DeLauro isn’t trying to hurt small farmers, but her legislation misses the real root of the problem. Ending subsidies for factory farming and putting reasonable incentives in place to encourage holistic farming practices is a better way to approach food safety and food security.
At the same time, the US Senate is considering significantly more extensive tracking of produce (S 475), and the US Department of Agriculture is continuing to move forward with a National Animal Identification System. The NAIS would mandate the implantation of a small radio frequency chip in, yes, every animal. First, there is the pure sci-fi horror of putting chips into every cow, pig, chicken and emu in the county (US livestock is estimated at more than 10 billion animals). Hey, let’s just put chips in all the children, too—soon we’ll all have them! It will make us safer! Second, such a plan is pennies on the dollar for an operation like Tyson that processes 25 billion pounds of meat annually (much of which goes to obesity-inducing fast-food chains), but what’s the cost impact on a farmer with 200 chickens? Quite possibly enough to put that farmer out of business.
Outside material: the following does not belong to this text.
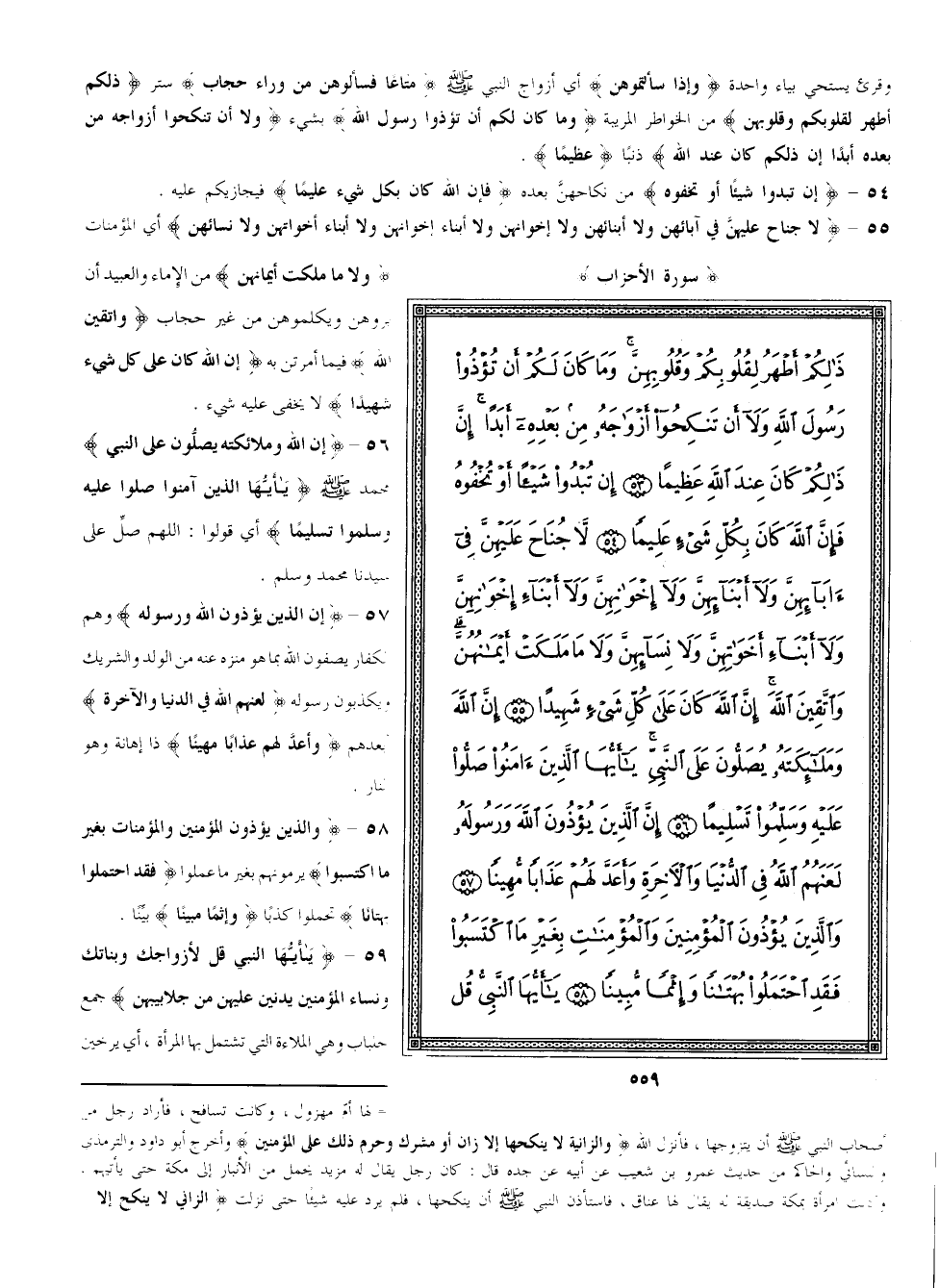{يأيها الَّذِينَ آمَنُوا لَا تَدْخُلُوا بُيُوت النَّبِيّ إلَّا أَنْ يُؤْذَن لَكُمْ} فِي الدُّخُول بِالدُّعَاءِ {إلَى طَعَام} فَتَدْخُلُوا {غَيْر نَاظِرِينِ} مُنْتَظِرِينَ {إنَاهُ} نُضْجه مَصْدَر أَنِيَ يَأْنِي {وَلَكِنْ إذَا دُعِيتُمْ فَادْخُلُوا فَإِذَا طَعِمْتُمْ فَانْتَشِرُوا وَلَا} تَمْكُثُوا {مُسْتَأْنِسِينَ لِحَدِيثٍ} مِنْ بَعْضكُمْ لِبَعْضٍ {إنَّ ذَلِكُمْ} الْمُكْث {كَانَ يؤذي النبي فيستحيي منكم} أن يخرجكم {والله لا يستحيي مِنْ الْحَقّ} أَنْ يُخْرِجكُمْ أَيْ لَا يَتْرُك بيانه وقريء يَسْتَحْيِ بِيَاءٍ وَاحِدَة {وَإِذَا سَأَلْتُمُوهُنَّ} أَيْ أَزْوَاج النَّبِيّ صَلَّى اللَّه عَلَيْهِ وَسَلَّمَ {مَتَاعًا فَسْأَلُوهُنَّ مِنْ وَرَاء حِجَاب} سِتْر {ذَلِكُمْ أَطْهَر لِقُلُوبِكُمْ وَقُلُوبهنَّ} مِنْ الْخَوَاطِر الْمُرِيبَة {وَمَا كَانَ لَكُمْ أَنْ تُؤْذُوا رَسُول اللَّه} بِشَيْءٍ {وَلَا أَنْ تَنْكِحُوا أَزْوَاجه مِنْ بَعْده أَبَدًا إنَّ ذَلِكُمْ كان عند الله} ذنبا {عظيما}

Several states have already passed legislation outlawing any such animal identification system. However, HR 875 coincidentally contains language that binds state agriculture departments to enforce federal guidelines.
All appearances to the contrary, however, it’s not a conspiracy, and the intention is not to outlaw farmers markets and organic gardens or any of the other spurious claims. There’s no need to rise up in civil rebellion, but there is a need to contact our representatives in Congress and explain all the potential paths to abuse contained in these deeply flawed legislative initiatives. New Mexico is on the verge of some major success with regional food efforts, so long as a blind, do-gooder federal government doesn’t screw it all up for us.